林夕心中的怒火找到了宣洩口,他身形如鬼魅,在人群中穿梭,每一次出手都伴隨著令人牙酸的骨裂聲。
拳、腳、肘、膝,身體的每一個部位都化作了最致命的武器。
他沒有下殺手,但每一次攻擊都精準地落在關節處——斷手、斷腳、碎骨!慘叫聲此起彼伏,剛才還氣勢洶洶的混混們如同被割倒的麥子般一片片倒下。
短短十幾分鍾,剛才還喧囂混亂的前廳,只剩下林夕一人站立。
滿地都是蜷縮哀嚎、失去戰鬥力的混混。
他一步步走到試圖爬走的刀疤劉面前,一腳踩在他的後背上,巨大的力量幾乎讓他背過氣去。
“你們老闆是誰?叫他滾過來。”
林夕的聲音如同西伯利亞的寒風,“不然,每隔一分鐘,我打斷你一條胳膊。”
刀疤劉徹底被嚇破了膽,這根本不是人,是怪物!
他顫抖著對門口嚇傻的保安喊道:“快…快給飛哥打電話!”
其實,不用他叫,這裡的動靜早已驚動了幕後老闆陳金飛。
他剛趕到門口,就看到了這如同地獄修羅場般的一幕,心頭巨震。
他強作鎮定,走進一片狼藉的大廳,看著唯一站立的林夕,試圖用江湖規矩擺平:
“兄弟,哪條道上的?是不是手頭緊,要過江?說一聲,百萬奉上,何必動這麼大幹戈?”他還以為這是哪路跑來撈一筆的過江猛龍。
林夕抬起冰冷的眼眸:“這個場子是你的?你動了我的人。”
他甚至懶得與陳金飛廢話,直接走到還算完好的酒吧總檯,拿起電話,撥通了李憐月的號碼。

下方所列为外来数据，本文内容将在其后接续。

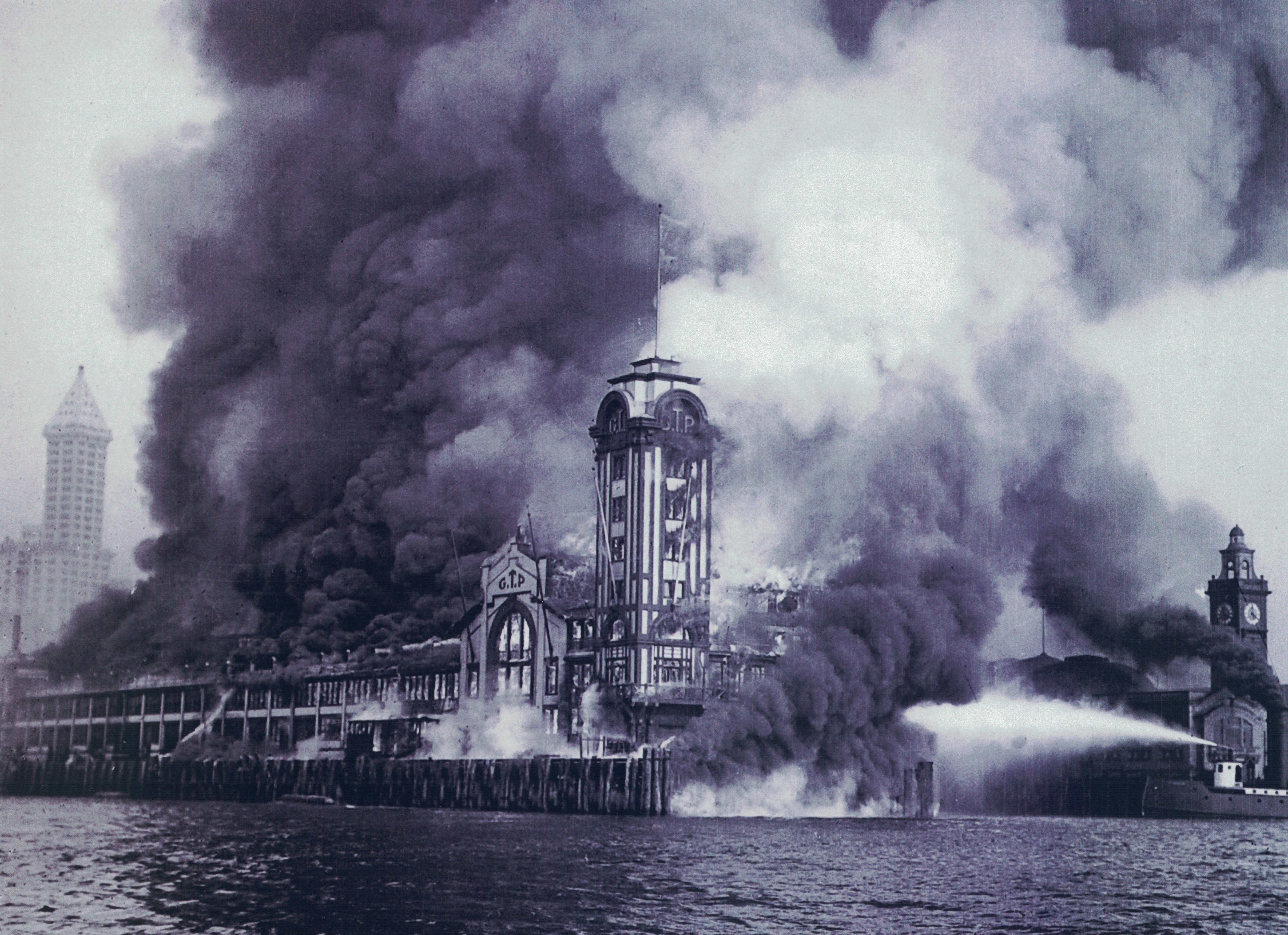 THEN2: The fireboat Duwamish, lower right, fights futilely to save the Grand Trunk Pacific Dock, north of Colman Dock, on July 30, 1914. At upper left is the Smith Tower, from which many watched the blaze. The tower had opened earlier that month on Independence Day. Colman Dock, built in 1882 and rebuilt after 1889’s Great Seattle Fire, is above the Duwamish at right. (Courtesy Bob Carney)

“憐月,動用家裡關係,派人來‘航空母艦’會所,這裡涉及大量違禁品交易,數量驚人,立刻!”言簡意賅,卻帶著不容置疑的決斷。
電話那頭的李憐月沒有絲毫猶豫:“等我半小時,人馬上到!”
她清楚林夕不會無的放矢,立刻動用李家能量。
陳金飛聽到“大面品”、“家族關係”等字眼,瞬間面如死灰,知道大禍臨頭,轉身就想跑。

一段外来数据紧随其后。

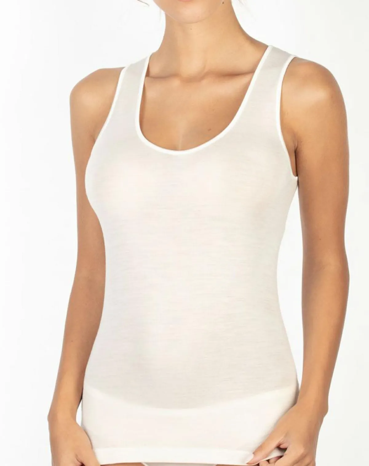 Mare Tops Et Blouses|Débardeur bord satin en Laine & Soie ivoire

林夕看都沒看,隨手抓起旁邊一瓶完好的紅酒,手腕一抖!
“嗖——啪!”酒瓶如同炮彈般精準砸在陳金飛的後腦勺上,他哼都沒哼一聲,直接撲倒在地,暈死過去。
林夕連多看他一眼的興趣都欠奉。
不到二十分鐘,會所外傳來密集而急促的剎車聲和腳步聲。
大批全副武裝的特警衝了進來,迅速控制現場。
帶隊的一名三十多歲、面容剛毅的隊長快步走到林夕面前,敬了個禮:“林公子,我是市局特警支隊陳正新,憐月姐讓我來的。”
林夕點頭,直接道:“陳隊,帶上幾個人,跟我來。地下室有囚禁的人,三樓辦公室有貨。”
陳隊長立刻下令手下控制住地上所有混混,親自點了四名精銳特警跟上林夕。
林夕目標明確,先是帶人衝到三樓那間豪華辦公室。
他走到一面裝飾華麗的牆壁前,看似隨意地一拳轟在壁畫某個位置!
“咔嚓!”牆體內部傳來機關碎裂的聲音,壁畫彈開,露出了後面一個巨大的暗格。
裡面赫然堆滿了一袋袋密封的白色粉末!
粗略一看,竟有數十公斤之巨!陳正新倒吸一口涼氣,這數量,足夠這裡所有人把牢底坐穿了!
“下面還有。”
林夕語氣森然,帶著眾人找到隱蔽的地下室入口,一路向下。
地下三層,昏暗潮溼。
兩個看守的小混混看到全副武裝的特警,嚇得直接抱頭蹲下,不敢有絲毫反抗。
特警們迅速開啟幾間牢房般的房間,裡面的景象讓這些見多識廣的戰士也為之動容——
八名女子和三名男子被囚禁在此,個個眼神渙散,身上帶著傷痕,明顯被強行灌食過毒品。
好幾個女子處於昏迷狀態,衣衫不整,身上帶著被侵犯的痕跡,更有兩人全身赤裸,奄奄一息。
空氣中瀰漫著血腥、汙穢和絕望的氣息。
“呼叫指揮中心!請求大量醫療支援!重複,請求大量醫療支援!現場發現多名重傷受害者!”
陳正新對著對講機急聲吼道,聲音帶著壓抑的憤怒。
林夕的目光瞬間鎖定了角落裡那個渾身血跡、氣息微弱的熟悉身影——上官麗娟。
他心中的滔天怒火在這一刻被無盡的憐惜和心痛取代。
他走到鐵門前,那厚重的鐵鎖和門栓在他面前形同虛設。
只見他握緊拳頭,手臂肌肉瞬間繃緊,猛地一拳轟出!
“轟隆!!”一聲巨響,整扇鐵門連帶著門框被他狂暴的力量直接轟開,扭曲變形地倒在一旁。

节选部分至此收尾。